The varying marks that exist within this work are often indicated to have split from one another, like water and oil would mix. The subtle separation, I believe, was done on purpose to highlight how society in this context was perceived by outsiders to be somewhat cooperative, but on closer inspection, it differed greatly from border to border. These interactions between these varying forms are constructed in Yevgeny Zamyatin’s We. '[St Petersburg] is a metropolis founded on geometric principles, with wide, straight avenues and, in parts, a grid-pattern of streets, and is thus reminiscent of the city where the events of We take place,' writes Hugh Aplin. [1] This city is sealed within a glass dome, creating a grid-enforced environment for the different characters to operate within. Individuals are identified by alphanumeric symbols. Drawing a direct comparison, both compositions operate encased within the grid.
These varying components establish complex and diverse relationships with one another, both conformist and defiant. We details what exists beyond the glass dome, with Yellow-Red-Blue staying well within the borders of its canvas. Both authors lived similar lives, residing in both pre- and post-revolutionary Russia, and their westernised counterparts during the same time period.
I wanted to combine the coloured elements used by Kandinsky with the alphanumeric symbolism of Zamyatin. The background is a beige sampled from Kandinsky's Yellow-Red-Blue, overlaid with a three-by-three grid of teal and deep purple samples. These three elements represent the confinement of both the rectangular canvas and We’s glass dome. The written text overlay is sampled from an A4 shopping list written on the back of a delivery invoice.

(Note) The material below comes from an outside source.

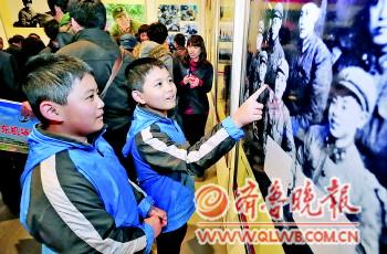 18日,雷鋒事跡大型原創攝影作品展在山東博物館開展。300余幅雷鋒不同年份的照片向社會還原一個真實的雷鋒。圖為兩名學生在參觀展覽。

I used various symbols in various colours to represent the interaction of characters or forms within the dome. I used data compilation as a method to dictate the position of each recycling symbol and evade the responsibility of positioning them myself.
[1] Wassily Kandinsky: Wikipedia. Wassily Kandinsky. Visited: Feb. 2022. URL: https://en.wikipedia.org/wiki/Wassily_Kandinsky#/media/File:Kandinsky_-_Jaune_Rouge_Bleu.jpg
[2] Yevgeny Zamyatin, We, Hugh Aplin, Croydon, Great Britain: CPI Group Ltd, 2017. p. IX.